American engineer, laboratory director and writer

Michael John McGuire (born June 29, 1947) is an American environmental engineer, laboratory director and writer whose career has focused on drinking water quality improvement. He has been recognized for his expertise in the control of trace organic compounds, inorganic contaminants and microbial pathogens in water. He is also known for his work in the identification, control and treatment of taste and odor problems in drinking water. McGuire combined the development of taste and odor analytical methods (where reliable methods to solve these problems did not exist) along with in situ treatment and oxidation. He developed a solution to the Metropolitan Water District of Southern California's (19 million customers) problem with trihalomethanes using ozone, peroxone and chloramines. He has published numerous articles in professional journals and he has been the co-editor of five books and compilations of articles. He published a book that documented the first continuous disinfection of a drinking water supply in the U.S. With Marie S. Pearthree, he wrote a book on the corrosive water debacle in Tucson, Arizona in 1992–94. He has been active in the American Water Works Association, and he has served as a volunteer and officer in that organization. In 2009, he was elected to the National Academy of Engineering.

==Early life==

Michael J. McGuire was born in 1947 at Brooke General Army Hospital in San Antonio, Texas. He attended grammar school in a number of locations, because his father was in the U.S. Army and stationed in several places during McGuire's early years. From 1955 to 1957, McGuire attended the grammar school run for U.S. Army dependents in Orléans, France. He went to Francis C. Hammond High School in Alexandria, Virginia.

==Education==

He earned his undergraduate degree in civil engineering at the University of Pennsylvania in 1969. During the period 1970 to 1972, he attended Drexel University part-time while he worked for the Philadelphia Water Department. After earning his master's degree in Environmental Engineering in 1972, he returned to Drexel University on a full-time basis to study for his PhD degree under Dr. I.H. (Mel) Suffet who is an analytical and environmental chemist. He completed his PhD and graduated in 1977. While at Drexel, he developed a direct water injection, gas chromatography analytical method for four "polarity probe" compounds: 1,4-dioxane, methyl ethyl ketone (or butanone), 1-butanol and nitromethane.

==Personal life==

Water sports are a major personal activity for him. McGuire rowed crew in high school and in his freshman year at the University of Pennsylvania. He is an active PADI-certified scuba diver logging over 500 dives since 1973. He swims laps for exercise, and he sails in the waters off Southern California and Mexico aboard Water Guy a Beneteau Oceanis 40.1.
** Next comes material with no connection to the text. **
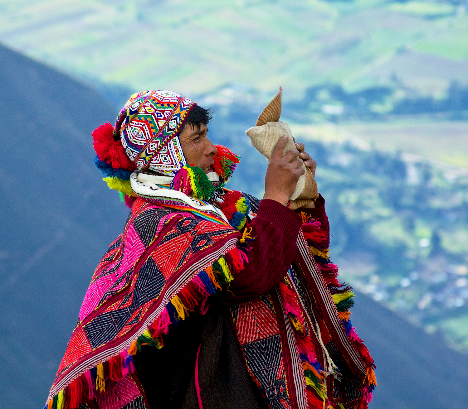 Peru - Day-hiking Ollantaytambo to Inti Punku Sun Gate 58 Q'eros "Paqo" (Healer and medicine man), in his ultra-bright traditional poncho and chullo (hat) calling the Apu mountain spirits to bless a mesa, a cloth-wrapped package of special found and collected power objects (like rocks and crystals from places you've done ceremony) that a person on the old path carries for ceremonies.

In 1971, Deborah Marrow and he were married in Scarsdale, NY. In 2019, he was widowed. Their two children live in the Los Angeles area.

==Early career==

McGuire worked for the Philadelphia Water Department from 1969 to 1973. Throughout this period, he was assigned to the Research and Development Unit under Joseph V. Radziul. He participated in a variety of projects including the supervision of a research program that involved the surveillance of the water quality of the Delaware River Estuary. The program required operational supervision of a boat pilot, chemists, engineers, and technicians and the formulation of a data analysis program. He designed an unusual application of automated water quality analytical equipment aboard a research vessel. His other projects included investigation of the availability of future water resources, preparation of testimony given before governmental bodies, and investigation of the effects of urbanization on water quality and quantity.

==Metropolitan Water District of Southern California==

McGuire moved to California in 1977 where he had a two-year stint with the consulting engineering firm, Brown and Caldwell. In 1979, he was offered a position as a water quality engineer with the Metropolitan Water District of Southern California (Metropolitan). He directed a variety of physical chemical treatment and environmental chemistry projects, and he ran the central water laboratory for Metropolitan. As Water Quality Manager and Director of Water Quality for Metropolitan he supervised the Water Quality Branch and Division, respectively, which grew to a total of 82 scientists, engineers and administrators.

During this period he designed a comprehensive research program to determine the cause of earthy musty odor problems in six southern California reservoirs. Because no analytical methods existed for these odorous compounds, McGuire developed a closed-loop-stripping analysis (CLSA) technique capable of detecting less than 5 parts per trillion in drinking water. Supporting the CLSA results McGuire adapted the Flavor Profile Analysis method from the food and beverage industry to drinking water. Using trained human panel members it was possible to detect geosmin and MIB far below 5 parts per trillion. Once the cause was isolated to blue-green algae growing on the bottom of the reservoirs, he devised a methodology to control the growth of the algae and prevent the occurrence of taste and odor problems in the Metropolitan service area.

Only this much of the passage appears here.